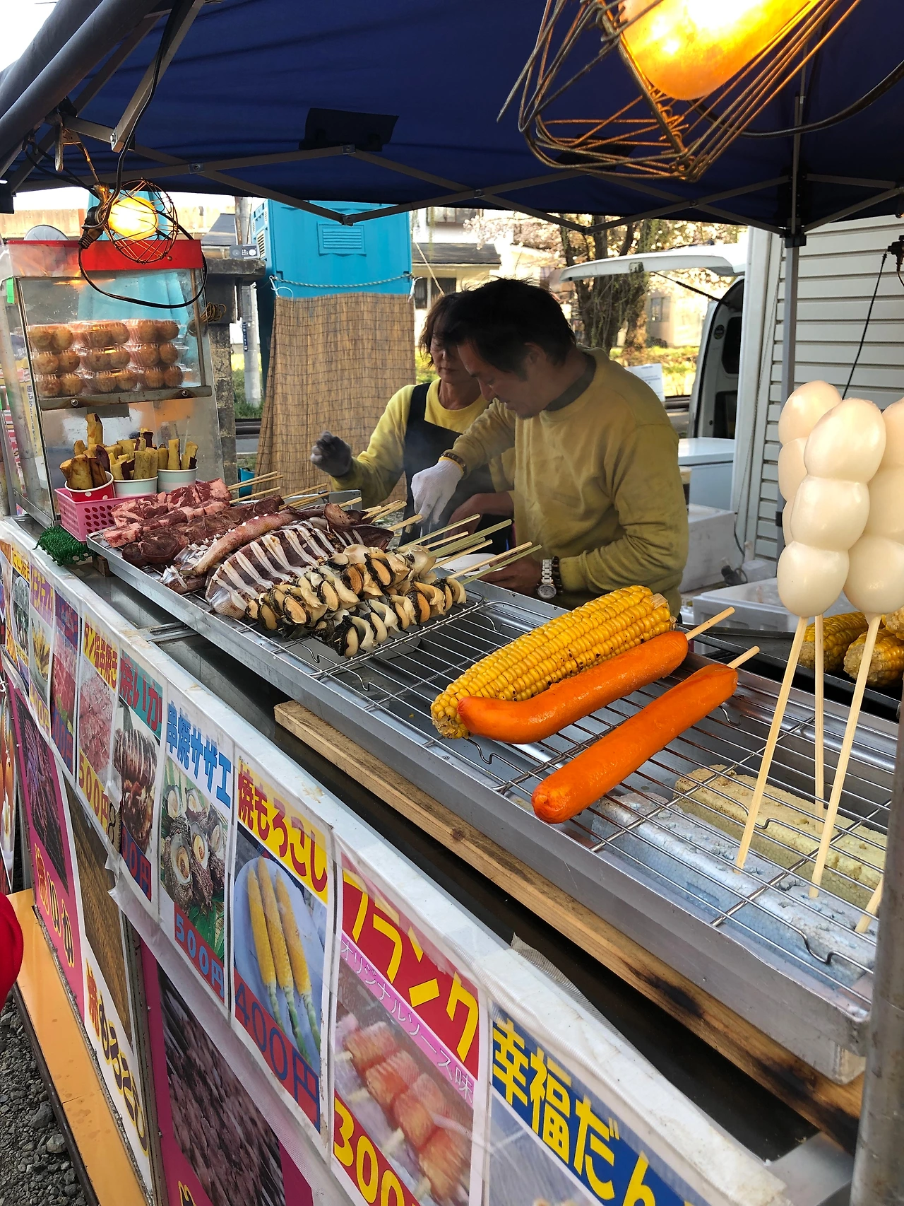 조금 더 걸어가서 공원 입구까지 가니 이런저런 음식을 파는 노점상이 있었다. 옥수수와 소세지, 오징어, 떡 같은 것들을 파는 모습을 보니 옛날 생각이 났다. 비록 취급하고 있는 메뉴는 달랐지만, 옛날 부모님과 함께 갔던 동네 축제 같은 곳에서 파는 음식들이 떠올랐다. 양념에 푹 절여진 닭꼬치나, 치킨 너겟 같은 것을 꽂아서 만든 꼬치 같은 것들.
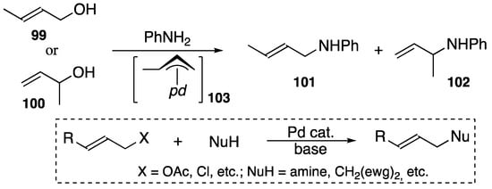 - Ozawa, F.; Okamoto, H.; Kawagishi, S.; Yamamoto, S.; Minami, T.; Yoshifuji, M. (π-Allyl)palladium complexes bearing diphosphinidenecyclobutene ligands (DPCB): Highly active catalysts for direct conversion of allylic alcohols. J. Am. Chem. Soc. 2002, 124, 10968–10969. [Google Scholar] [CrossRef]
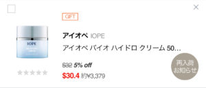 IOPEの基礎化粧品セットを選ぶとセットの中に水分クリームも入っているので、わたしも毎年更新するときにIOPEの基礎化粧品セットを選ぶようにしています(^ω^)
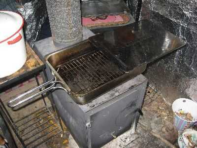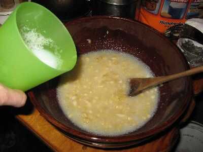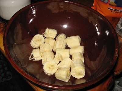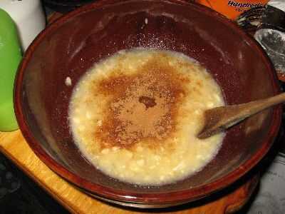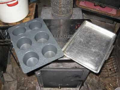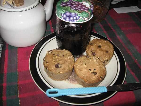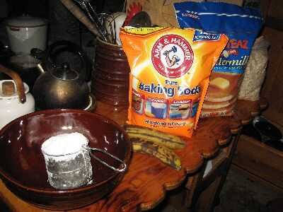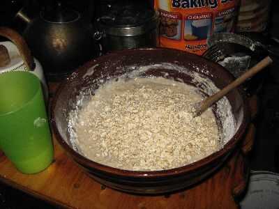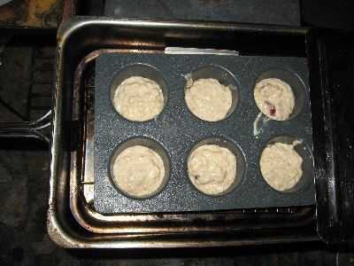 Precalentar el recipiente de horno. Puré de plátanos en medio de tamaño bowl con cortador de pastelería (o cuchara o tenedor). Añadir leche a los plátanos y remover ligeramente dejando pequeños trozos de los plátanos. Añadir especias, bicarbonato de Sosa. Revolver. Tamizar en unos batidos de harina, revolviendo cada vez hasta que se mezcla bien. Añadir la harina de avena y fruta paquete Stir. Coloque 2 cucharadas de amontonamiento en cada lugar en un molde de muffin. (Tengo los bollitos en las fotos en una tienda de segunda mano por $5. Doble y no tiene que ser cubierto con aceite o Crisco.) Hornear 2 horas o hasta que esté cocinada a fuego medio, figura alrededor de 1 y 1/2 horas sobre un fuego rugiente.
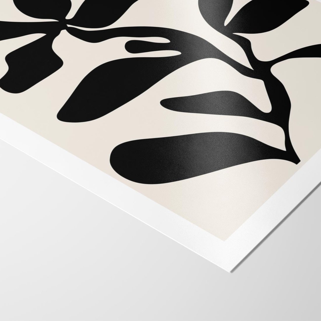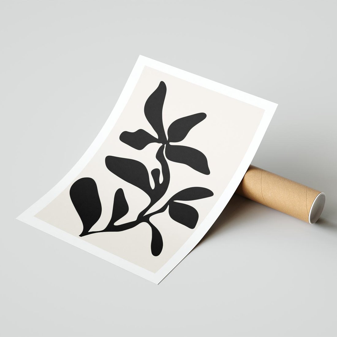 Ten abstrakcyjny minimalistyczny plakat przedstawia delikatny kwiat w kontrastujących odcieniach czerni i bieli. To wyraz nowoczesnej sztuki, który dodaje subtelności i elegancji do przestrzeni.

**Assignment:** An unaltered copy of the material, without images, should be set down.

**Response area:**
 조금 더 걸어가서 공원 입구까지 가니 이런저런 음식을 파는 노점상이 있었다. 옥수수와 소세지, 오징어, 떡 같은 것들을 파는 모습을 보니 옛날 생각이 났다. 비록 취급하고 있는 메뉴는 달랐지만, 옛날 부모님과 함께 갔던 동네 축제 같은 곳에서 파는 음식들이 떠올랐다. 양념에 푹 절여진 닭꼬치나, 치킨 너겟 같은 것을 꽂아서 만든 꼬치 같은 것들.
 - Ozawa, F.; Okamoto, H.; Kawagishi, S.; Yamamoto, S.; Minami, T.; Yoshifuji, M. (π-Allyl)palladium complexes bearing diphosphinidenecyclobutene ligands (DPCB): Highly active catalysts for direct conversion of allylic alcohols. J. Am. Chem. Soc. 2002, 124, 10968–10969. [Google Scholar] [CrossRef]
 IOPEの基礎化粧品セットを選ぶとセットの中に水分クリームも入っているので、わたしも毎年更新するときにIOPEの基礎化粧品セットを選ぶようにしています(^ω^)
 Precalentar el recipiente de horno. Puré de plátanos en medio de tamaño bowl con cortador de pastelería (o cuchara o tenedor). Añadir leche a los plátanos y remover ligeramente dejando pequeños trozos de los plátanos. Añadir especias, bicarbonato de Sosa. Revolver. Tamizar en unos batidos de harina, revolviendo cada vez hasta que se mezcla bien. Añadir la harina de avena y fruta paquete Stir. Coloque 2 cucharadas de amontonamiento en cada lugar en un molde de muffin. (Tengo los bollitos en las fotos en una tienda de segunda mano por $5. Doble y no tiene que ser cubierto con aceite o Crisco.) Hornear 2 horas o hasta que esté cocinada a fuego medio, figura alrededor de 1 y 1/2 horas sobre un fuego rugiente.
 Ten abstrakcyjny minimalistyczny plakat przedstawia delikatny kwiat w kontrastujących odcieniach czerni i bieli. To wyraz nowoczesnej sztuki, który dodaje subtelności i elegancji do przestrzeni.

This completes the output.